Queueing GBIF download requests

We have an R client for GBIF (Global Biodiversity Information Facility) http://www.gbif.org/ called rgbif
https://github.com/ropensci/rgbif

One set of functions in the package interacts with GBIFs download service http://www.gbif.org/developer/occurrence#download - See the rgbif functions prefixed with occ_download

One issue users may run in to is that GBIF limits each user to 3 concurrent (at the same time) download requests. You can kick off a download request with rgbif with occ_download. One solution is to manually wait for your first 3 requests to finish, then do the next 3 and so on.

BUT, this is programming, so we can do better right?

I wrote a little function that tries to help users that need to submit lots of download requests to do so without having to do each set of 3 manually.

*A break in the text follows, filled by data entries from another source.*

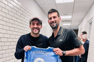 科瓦西奇因为此前接受手术,目前仍然在恢复当中,他也借此机会前往美国观看美网,与德约科维奇合影并将自己的曼城球衣赠送给他。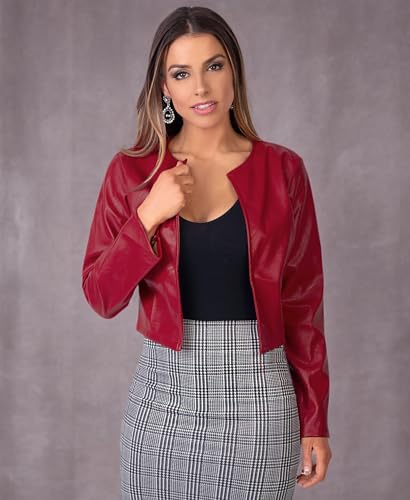 KRISP Women PU Leather Cropped Jacket Long Sleeve Bolero 1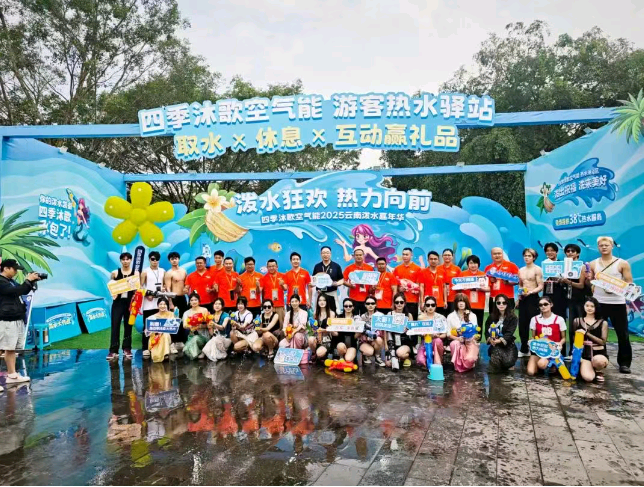 4月11日-13日,四季沐歌集团联合芒市市政部门盛大开启了以“泼水狂欢 热力向前”为主题的空气能2025云南泼水嘉年华活动。今年的云南泼水节,四季沐歌空气能热水成为了瞩目的焦点,「空气能游客热水驿站」和「热水补给站」,构建“一站式暖心服务矩阵”,免费提供热水取用、淋浴清洁、毛巾、休息、饮用水及简易医疗服务,以“38℃大热水”为媒介,传递四季沐歌“用心温暖亿万家庭”的品牌理念,通过沉浸式服务场景与互动体验,实现品牌与用户的深度情感连接。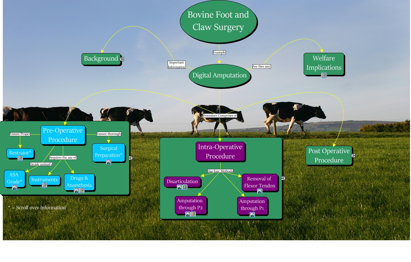 This Concept Map, created with IHMC CmapTools, has information related to: Foot and Claw Surgery, Post-Operative Procedure Possible Complications & Prognosis, Digital Amputation Important Information Background, Intra-Operative Procedure Has four Methods Removal of Flexor Tendon, Intra-Operative Procedure Has four Methods Amputation through P2, Bovine Foot and Claw Surgery Example Digital Amputation, Pre-Operative Procedure Requires the use of Instruments, Digital Amputation Are thre any Welfare Implications, Digital Amputation Procedure Comprises of Post-Operative Procedure, Intra-Operative Procedure Has four Methods Disarticulation, Digital Amputation Procedure Comprises of Pre-Operative Procedure, Pre-Operative Procedure Ensure thorough Surgical Preparation*, Intra-Operative Procedure Has four Methods Amputation through P1, Pre-Operative Procedure Requires the use of Drugs & Anaesthesia, Pre-Operative Procedure Ensure Proper Restraint*, Pre-Operative Procedure Decide animal's ASA Grade*, Post-Operative Procedure Proper After Care, Digital Amputation Procedure Comprises of Intra-Operative Procedure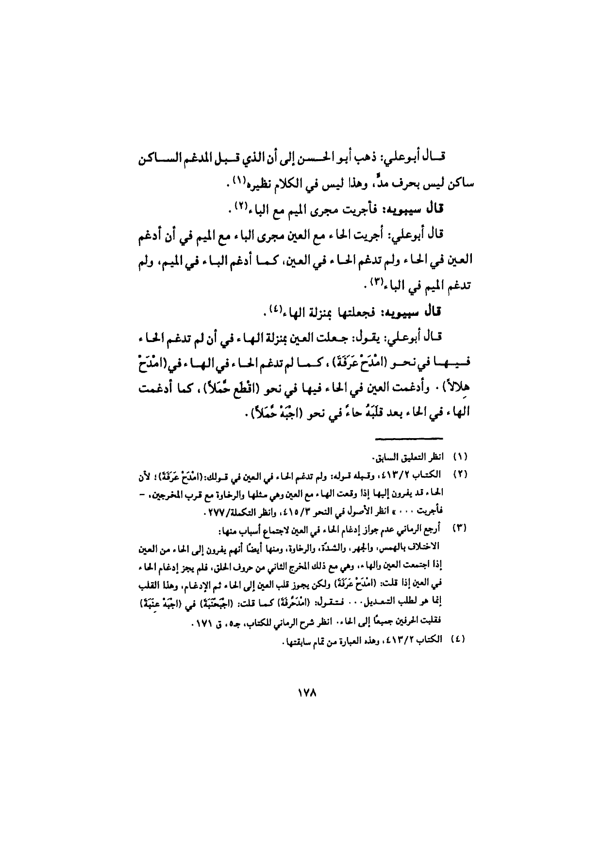 قال أبو علي: أجريت الحاء مع العين مجرى الباء مع الميم في أن أدغم العين في الحاء ولم تدغم الحاء في العين، كما أدغم الباء في الميم، ولم تدغم الميم في الباء.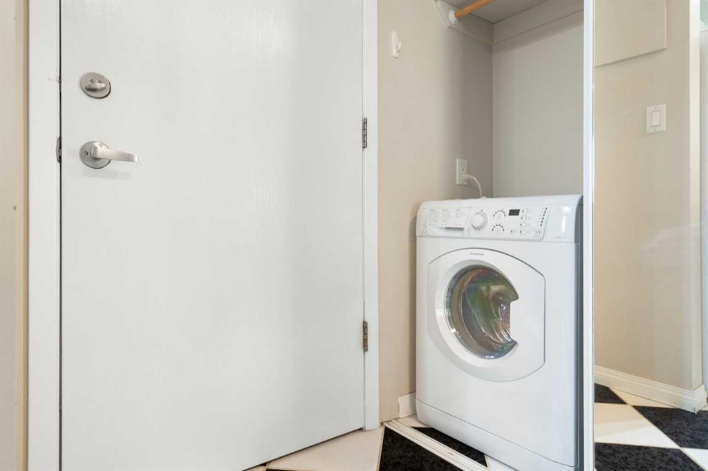 Trendy and bright top-floor walk-up condo in the heart of sought-after Sunnyside! This spacious 637 sq. ft. third-floor walk-up offers the perfect blend of inner-city living and everyday comfort. The open-concept layout features a generous living room with laminate flooring that opens to a large northwest-facing balcony—a peaceful spot surrounded by mature trees. The kitchen, accented with retro tile flooring, adjoins a cozy dining area—ideal for casual meals or entertaining friends. The primary bedroom comfortably can accommodate a Queen-sized bed, and the unit includes in-suite storage plus a convenient “all-in-one” washer/dryer. Enjoy peace of mind in this well-managed 15-unit complex. Small cats/dogs with board approval are permitted. Building is scheduled for fresh paint and new carpet in 2026. The balconies and patio doors have also have been replaced over the last 3 years. The board has been diligent about following the reserve fund study. Additional amenities include bike storage and shared laundry facilities in the basement. Assigned parking is partially covered at the rear of the building. Immediate possession is available. Walking distance LRT, bus, Bow River, biking paths, and a plethora of eateries, shops & amenities. Enjoy Inner city living at an affordable price.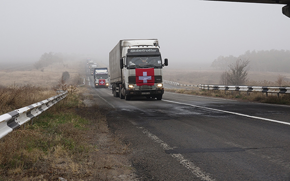 26.10.2015 – Un convoglio costituito da 20 camion con circa 293 tonnellate di merci ha raggiunto Donetsk. Trasportava, tra l’altro, solfato di alluminio e cloro per le centrali idriche del Donbas, nonché farmaci oncologici. © DFAE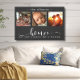 This stunning canvas wall art features a beautiful three-frame photo collage showcasing cherished memories, adorned with the heartfelt message, "Home, Not Just a Place, But a Feeling." The elegant black and white design, combined with exquisite script and print typography, creates a sophisticated and enduring piece that will complement any interior style. Personalize it with your family name. Created by Simply Farmhouse Press.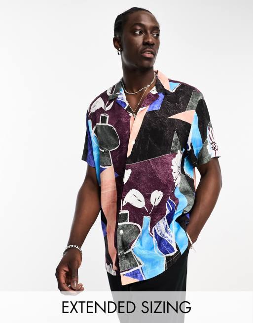 Camisa holgada con estampado abstracto floral y solapas de ASOS DESIGN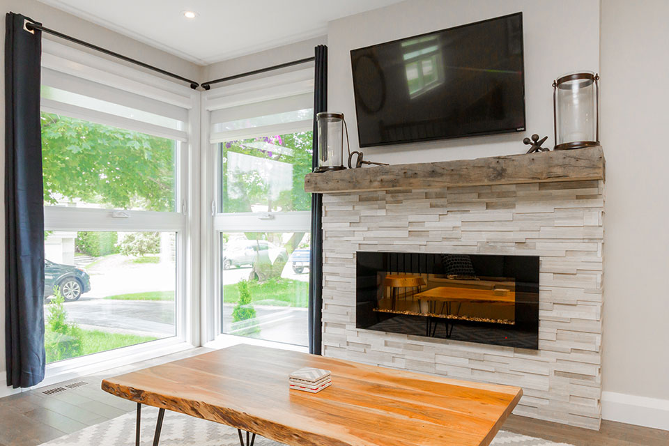 The wood-burning fireplace was completely updated with stone laminate and a reclaimed wood mantle providing a sense of new and old-world charm.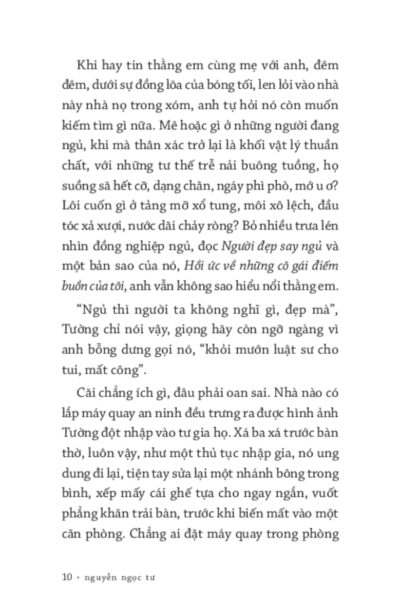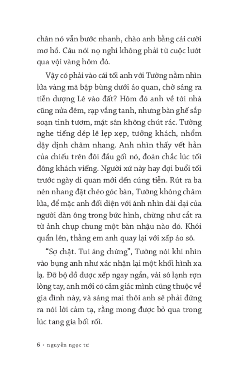 “Em thà trôi một mình. Nhưng những gì còn sót lại của một cù lao phân rã chẳng là bao. Vài ba mái nhà lấp ló trên mặt nước, một vài cái , những rẻo đất đủ rộng cho một người ngồi thì cũng có, lại trôi đờ đẫn đằng xa. Mãi mới có mảnh đất trôi gần, đúng lúc nó rùng mình nứt làm hai.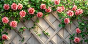 Pink roses bloom on a wooden trellis background, vibrant blossoms climbing gracefully along the rustic wooden framework, creating a charming and romantic garden scene.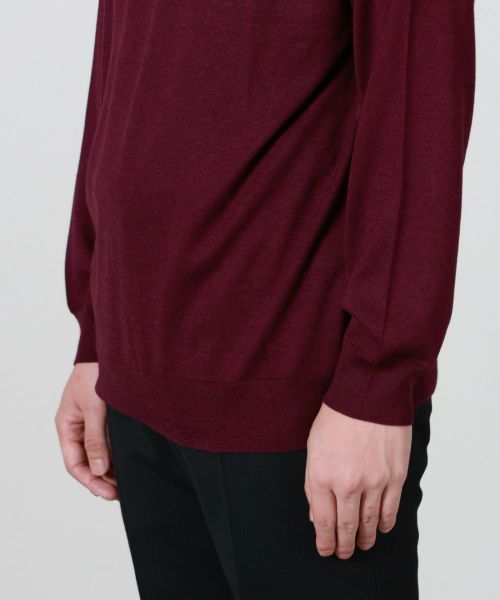 【デザイン】無駄を削ぎ落としたシンプルさが魅力。シルクとカシミヤを使用しており高級感と着心地の良さを兼ね備えたニットは、ジャケットの襟に干渉しにくく、上品でありながらカジュアルに使える万能なアイテムです。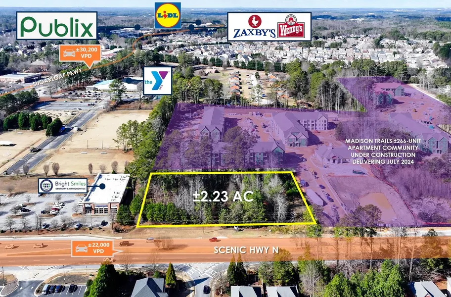 The Property is vacant land and consists of a single parcel totaling 2.23 acres. The Property is immediately adjacent to a retail plaza including Dunkin, Pep Boys, and a multi-tenant retail building. The Property has almost 400 of frontage on Scenic Highway, benefitting from access and visibility to traffic counts of 22,000 vehicles per day. Retail demand generators in the area include Publix, Lidl Grocery, Hobby Lobby, Sprouts Farmers Market, H&M, Sephora, Zaxbys, Wendys, Dunkin, Pep Boys, Crunch Fitness, Extra Space Storage, numerous restaurants, and more. The Property is zoned General Business, C-2, which allows for many commercial uses including restaurant, retail, office, and self-storage (special use).

gbif_queue <- function(...) {
  reqs <- lazyeval::lazy_dots(...)
  results <- list()
  groups <- split(reqs, ceiling(seq_along(reqs)/3))

  for (i in seq_along(groups)) {
    cat("running group of three: ", i)
    res <- lapply(groups[[i]], function(w) {
      tmp <- tryCatch(lazyeval::lazy_eval(w), error = function(e) e)
      if (inherits(tmp, "error")) {
        "http request error"
      } else {
        tmp
      }
    })

    # filter out errors
    res_noerrors <- Filter(function(x) inherits(x, "occ_download"), res)
    still_running <- TRUE
    while (still_running) {
      metas <- lapply(res_noerrors, occ_download_meta)
      status <- vapply(metas, "[[", "", "status", USE.NAMES = FALSE)
      still_running <- !all(tolower(status) %in% c('succeeded', 'killed'))
      Sys.sleep(2)
    }
    results[[i]] <- res
  }

  results <- unlist(results, recursive = FALSE)

  return(results)
}

Let’s use it:

library(rgbif)
library(lazyeval)

output <- gbif_queue(
  occ_download('taxonKey = 3119195', "year = 1976"),
  occ_download('taxonKey = 3119195', "year = 2001"),
  occ_download('taxonKey = 3119195', "year = 2001", "month <= 8"),
  occ_download('taxonKey = 5229208', "year = 2011"),
  occ_download('taxonKey = 2480946', "year = 2015"),
  occ_download("country = NZ", "year = 1999", "month = 3"),
  occ_download("catalogNumber = Bird.27847588", "year = 1998", "month = 2")
)

The object output is a list of occ_download class objects, that returned from the function occ_download. The output means that all those requests you submitted are ready, and you can download them. You can pass all through a lapply like thing, e.g.,

lapply(output, occ_download_get)

The gbif_queue function is bound to be buggy and may need features (e.g., optionally download requests to your machine once they are ready within the function)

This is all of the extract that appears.